Areas other than savings and pensions, such as the stock market, are performing well. The key to understanding the stock market is to know how it works and how you can invest in and make money from different share holdings.
In addition to the stock market and traditional savings accounts, there are investment in pension schemes to consider and also other key areas such as investment in property. Over and above all of this, there is the need to make tax efficient investments so you don t pay out too much of your hard earned income to Her Majesty s Revenue and Customs, known universally as the Taxman .
This book also looks at the role of financial advisors and how they are regulated. The area of financial advice has been tightened after decades of dubious practice. We look at mortgages available to ensure you get the best deal. We look at savings and investments generally and then take a more wide ranging look at costs of education, the stock market, taxation and pensions.
Overall, this book will be of great benefit to a wide range of people, whether you are looking after individual finances or are looking after family, thinking about now or the future.
Robert Stone 2017
Ch. 1
Maximising Your Savings
The fact that interest rates have gone down drastically at the time of writing means that people are now having to look very carefully at where they save their money in order to get the highest return.

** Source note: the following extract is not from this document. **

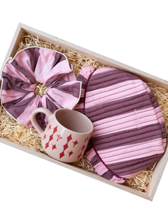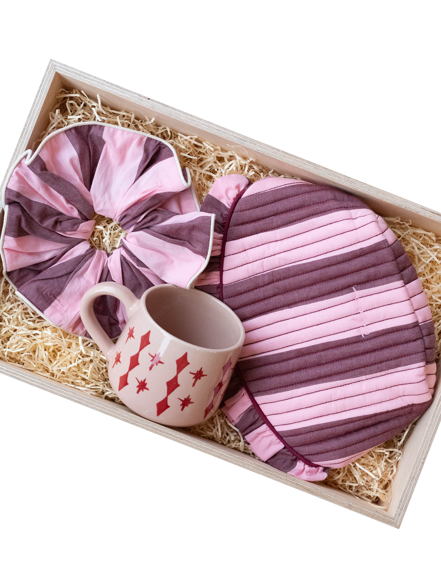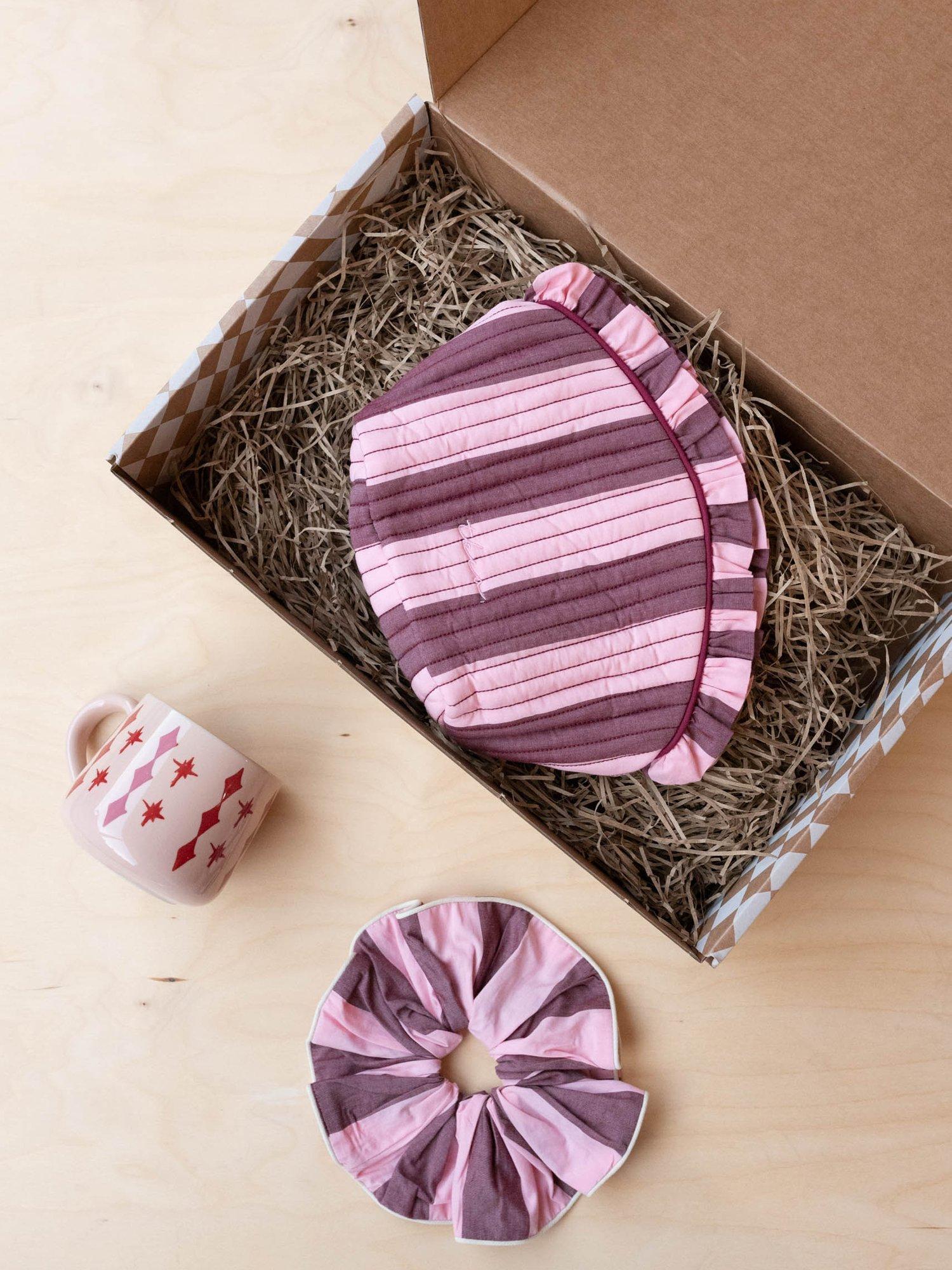 Surprise & delight with a TBCo ready-made gift box. Curated especially for the ritual of getting ready, this gift box contains a playful zipped wash bag, matching oversized scrunchie and a hand-painted mug. Thoughtful gifting made easy.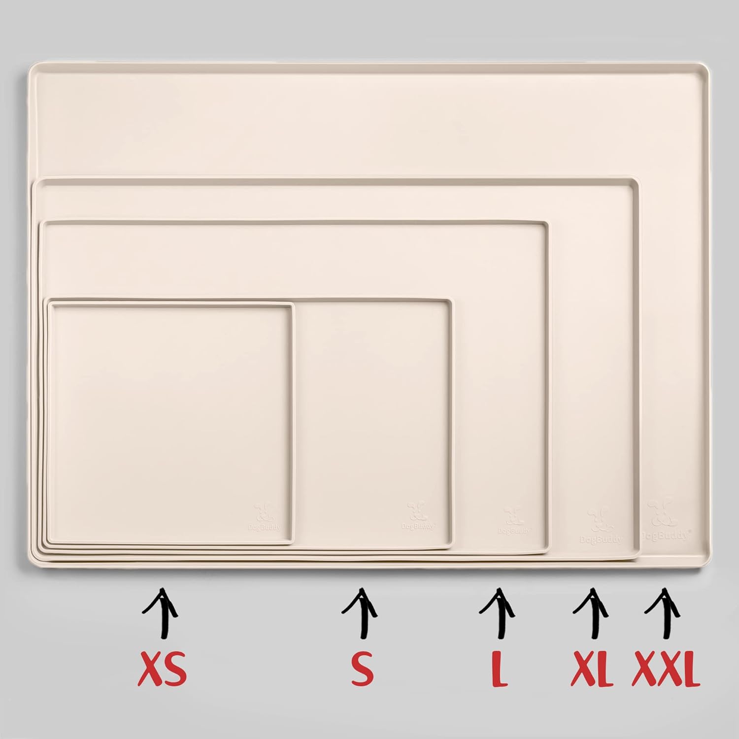 DogBuddy Dog Food Mat – Waterproof Dog Bowl Mat for Food and Water, Silicone Pet Feeding Mats for Floors, Non-Slip Placemat with High Edges for Dogs Bowls, Puppy Essentials (XXL: 32"x24", Vanilla)

People save for a number of different reasons, dependent on their circumstances and on age. Some people save in order to have enough to help their children and others save for a prosperous old age. Whatever the reason, it is important to understand the best vehicles for savings
Those skilled in the art of financial planning consider that a sum of between three and six months expenditure constitutes an adequate fund for emergencies. This will depend on your employment status as if you are self-employed then you may need more due to the fact that you will not get sick pay unless you are insured.
This emergency cash should be placed in an account that is readily accessible, probably in an instant access account which allows you to withdraw without penalty. However, these accounts traditionally pay the lowest form of interest and it is advisable to shop around.
There are a number of accounts which offer a higher rate of interest with instant access. You are provided with a card so that you can gain access to your money as and when you need it. If the account is joint then both partners should be provided with a card. Although some of the providers are large established institutions, some are smaller companies with far less capital. You should always think before investing with any company. Think about your needs and requirements and the security of your capital. Which? has a comparison site: www.moneycompare.which.co.uk/savings-and-isas/instant-access-savings-accounts-that you may find useful.
Cash returns
A lot of savers like to have more cash on deposit than they need for emergencies. If you do not need access to the money for emergencies then it is better to put your money in a higher rate account, one which generally needs notice of withdrawal. The longer the period of notice the more interest that you will get on your money.
Postal accounts pay higher than standard rates of interest and these are useful for those savers who do not require access to their savings over a foreseeable period. One good website which compares rates on postal accounts is: www.fairinvestment.co.uk/postal savings accounts.aspx
You can also get an idea of interest rates by perusing the pages of the dailies and weekend editions of papers, which compare the costs of borrowing and returns on savings. In the United Kingdom rates for deposits are usually quoted gross of tax.
The nominal rate is the rate of interest applied to the account, while the annual effective rate (AER) is the rate taking into account the frequency of interest payments.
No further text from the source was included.